In order to save money, Lord Bon only rented half a room down by the river. Ri Ran rented the other half. Most rooms in Lady Wu's Riverside Mansion had four tenants. All tenants in the building other than Bon Bao were starving students studying for imperial exams. Bon Bao was a starving underground boxer. Because he occupied the volume of three students, he paid double the rent. Lady Wu was a businesswoman, and would have charged triple, but was willing to accept rollicking good times as partial payment.
Ri Ran could not have been more different than the Gargogryeon muscle hunk. A native of the river plains, Ri Ran was taller than the Fourth Prince but weighed less. His almost emaciated body was barely able to hold up his large head – which Bon Bao thought resembled a sleepy potato. Ri Ran had been born the third son of a down-and-out baron. Then the Emperor eliminated the rank of baron completely.
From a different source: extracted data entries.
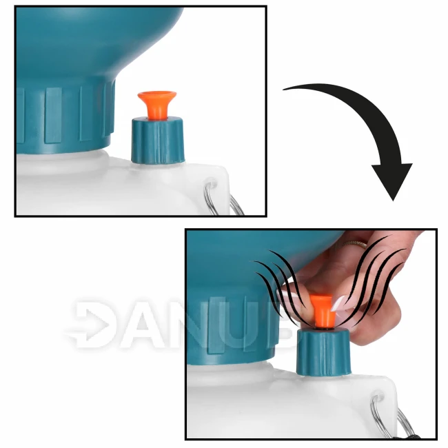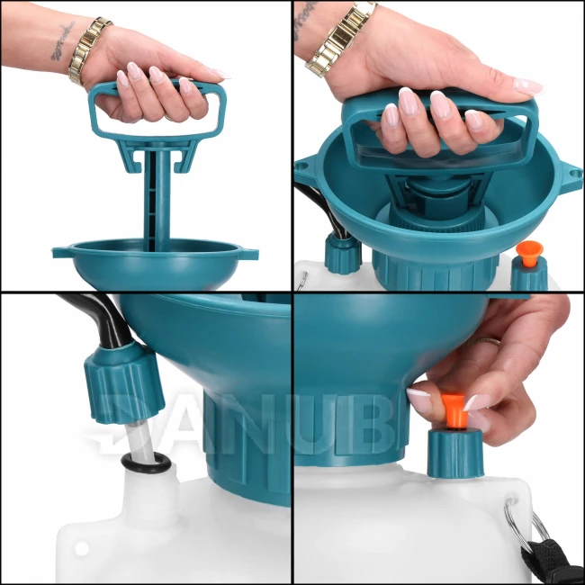 - Černý popruh je připevněn ke dvěma otvorům na obou stranách postřikovače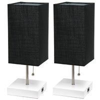 White base with USB charging port on base | Rectangular fabric shade | 2 table lamps in set | Each lamp uses 1 x 40W equivalent Type A medium base bulb (not included) | Features a USB Port on base for charging your phone or other devices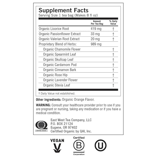 CONTENTS: Caffeine-free, Vegan, Kosher, Gluten-free, No Artificial Flavors or Sweeteners, and individually packaged in compostable tea bags.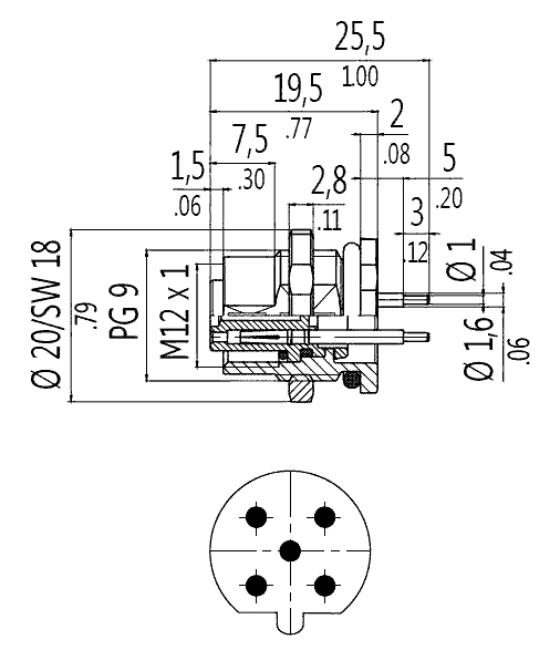 針數(shù) Contacts 3 4 5 8 12 連接截面 (平方毫米) Wire gauge mm 2 3 x 0,34 mm 2 4 x 0,34 mm 2 5 x 0,25 mm 2 8 x 0,25 mm 2 12 x 0,25 mm 2 外套材料 Material jacket PVC PUR PVC PUR PVC PUR PVC PUR PVC PUR 導(dǎo)線絕緣層 Insulatio...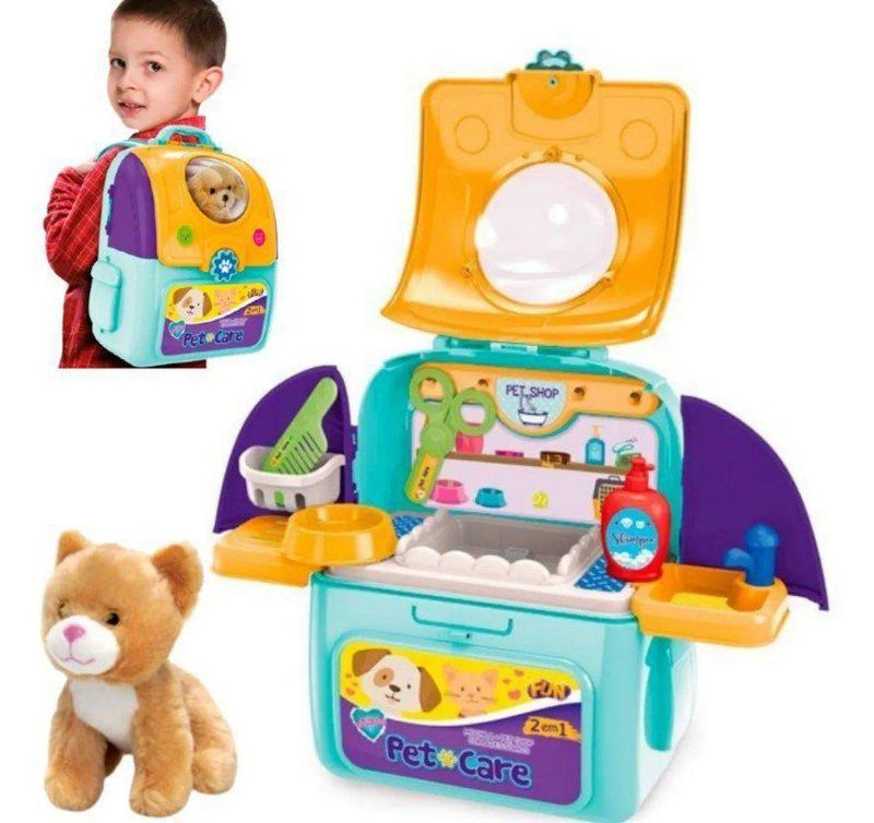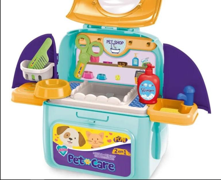 kit 2 em 1: Mochila e Petshop. Vem com Vários Acessórios. Tudo Pode Ser Carregado Para Qualquer Lugar Dentro da Mochilinha! 01 pet, 01 mochila com alças para transporte, 01 pote de ração, 02 caixas de ração, 01 pente, 01 secador, 01 tesoura, 01 suporte para pendurar utensílios, 01 pia com torneira, 01 extensor de pia, 01 cartela de adesivos, 01 cesta para pendurar, 01 frasco de shampoo e 01 base para pet
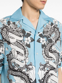 graphic-print cotton shirt Highlights - Light blue - Cotton - All-over graphic print - Pointed flat collar - Front button fastening - Short sleeves - Straight hem Made in Italy Composition Body: Cotton 100% Outer: Cotton 100% SIZE & FIT Model measurements Height 6 ft 2 in(1.87 m) Bust/Chest 34.25 in(87 cm) Hips 36.22 in(92 cm) Waist 29.52 in(75 cm) FittingInformation Designed for a relaxed fit, this piece allows for comfort and movement when worn Made from a midweight non-stretch fabric This piece fits true to size – take your usual size Washing instructions Dry Clean Only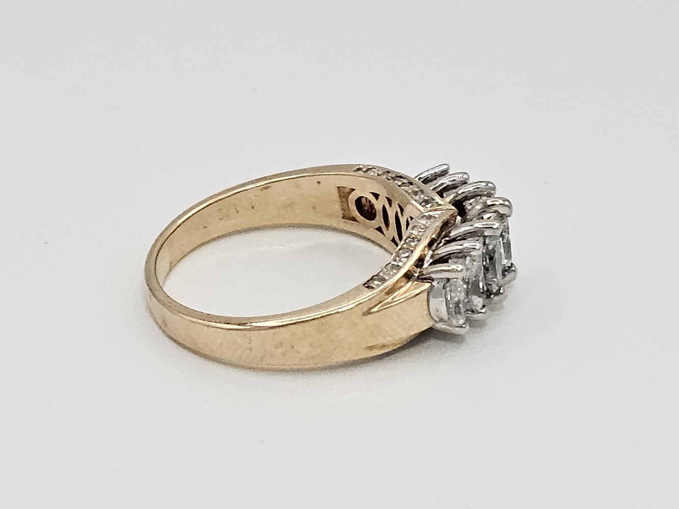 10kt yellow gold diamond cluster ring. Size 10, 4.70 dwts. Stone qulaity Aprox: Q: Si1 C: J Tdw: 1.50 Ct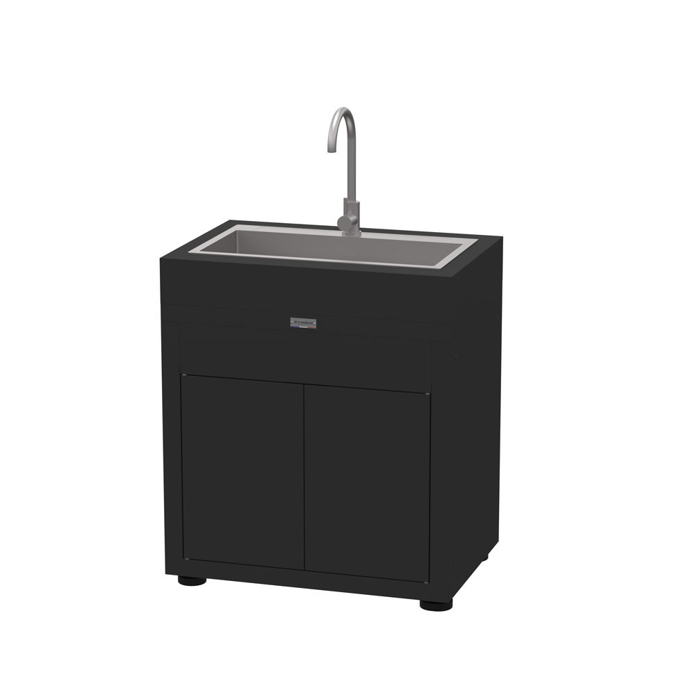 1 meuble avec évier intégré 80*55 cm. Evier inox encastré avec mitigeur col de cygne. En version acier peinture époxy coloris noir. Portes avec système d’ouverture « push-pull » (une simple pression déclenche l’ouverture de la porte). Certification Origine France Garantie. Dimensions : 80 x 55 x 128cm. Poids : 40kg.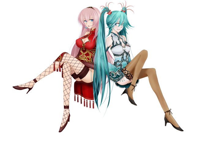 Megurine Luka and Hatsune Miku by Miyuki Rei.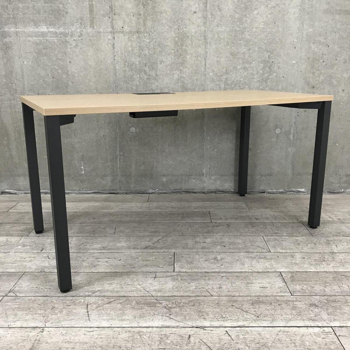 おしゃれな木目&ブラックの片面ワークデスク!ゆったり使用できる幅1400mm・便利なコンセント付き! ■イトーキ/アクトリンク(Act Link)/天板:ファインウォールナットL 脚:ブラック パーソナルテーブル(平机タイプ) 4本脚- 立川・八王子店
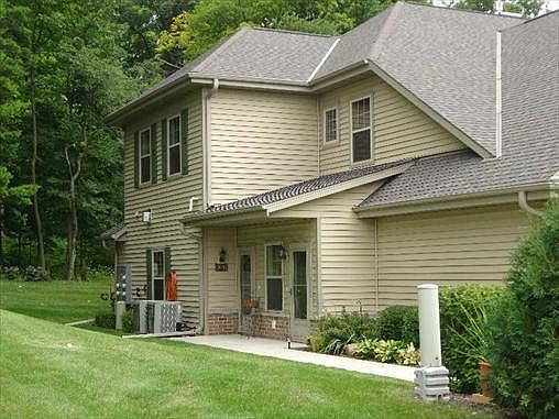 Spacious 3 bedroom, 2 bath end unit condo overlooking Braisure Woods Park. This condo has been nicely updated with granite countertops, stainless steel appliances, tiled backsplash, wood plank flooring in kitchen, pull out lower cabinets and more. Unit has 3 large bedrooms and 2 full baths. Gas fireplace, covered balcony, 2.5 car attached garage. Walk in Closet in Master, in unit laundry and low monthly condo fee of $175. Outdoor wildlife abounds with turkeys, deer, birds, etc. Move in condition and easy to show. Please remove shoes and/or use booties provided.

The aristocracy's bottom rung found itself in need of hustle and bustle. Some rose to the challenge. Others sank further into debt, despondency, and despair.
Though he could only rent half a room in Lady Wu's Riverside Mansion, Ri Ran had received an education which gave him a good shot at outperforming his cohort in the exams.
He was also a gifted painter.
When the painting was finished, several rooms worth of starving students pressed around it. Ri Ran had not captured Lord Bon literally. Instead, he turned Bon Bao's geological body into a landscape. Ri Ran had good intuition for positive and negative space. The firm lines of Bon Bao's masculine shape defined the contours of towering cliffs. The voluptuous curves of the muscle hunk's puffier shapes became clouds and mist. As for the central appendage, it had transformed into a raging stream which crashed down over two enormous boulders. The boulders formed an arch above a portal into a fairy realm. A wreath of nightmare brambles surrounded the fairy portal.
"Mousy Rascal," said Bon Bao. "My fairy portal is not that intimidating."
"Lord Bon," said a starving student, "your fairy portal is more intimidating than depicted."
"Is it?" asked Bon Bao.
The students nodded in unison. Bon Bao wanted to pinch their cheeks whenever they did that.
"Who buys these paintings?" he asked Ri Ran.
"The gallery doesn't tell me," said Ri Ran.
"Dirty old men," said one student, "who must remain anonymous."
"Well, every scrap of silver helps," said Bon Bao. "Now back to studying."
The students groaned. Bon Bao flexed his magnificent muscles. He might have been the youngest person in the room, he wasn't sure, but the students went back to studying anyway.
Bon Bao went in search of Lady Wu.
Prior to the Lechun Dynasty's implosion, her riverside mansion belonged to some marquis. Back then, the riverfront was fashionable. When Great Yao's founder took the throne, he purged half the nobles in Tianming Town. The marquis was unlucky; his grand house fell to ruin.
Lady Wu acquired it ten years ago. Prior to that, the disappearance of squatters under paranormal circumstances was to be expected. Lady Wu proved something of an exorcist, however. No starving students had been lost on her watch. There were close calls, but the mansion's more dangerous shadows generally stuck to its most inaccessible corners.
Bon Bao found Lady Wu in the kitchen.
She was a powerful, heavy woman. Gargogryeon, of course. Less powerful, less heavy (but still powerful and heavy) women scurried around her like ducklings. Lady Wu was chopping pig carcasses into chunks with a cleaver. Her ducklings stopped what they had been doing and bustled around Bon Bao. Lady Wu took one look and pointed at the door.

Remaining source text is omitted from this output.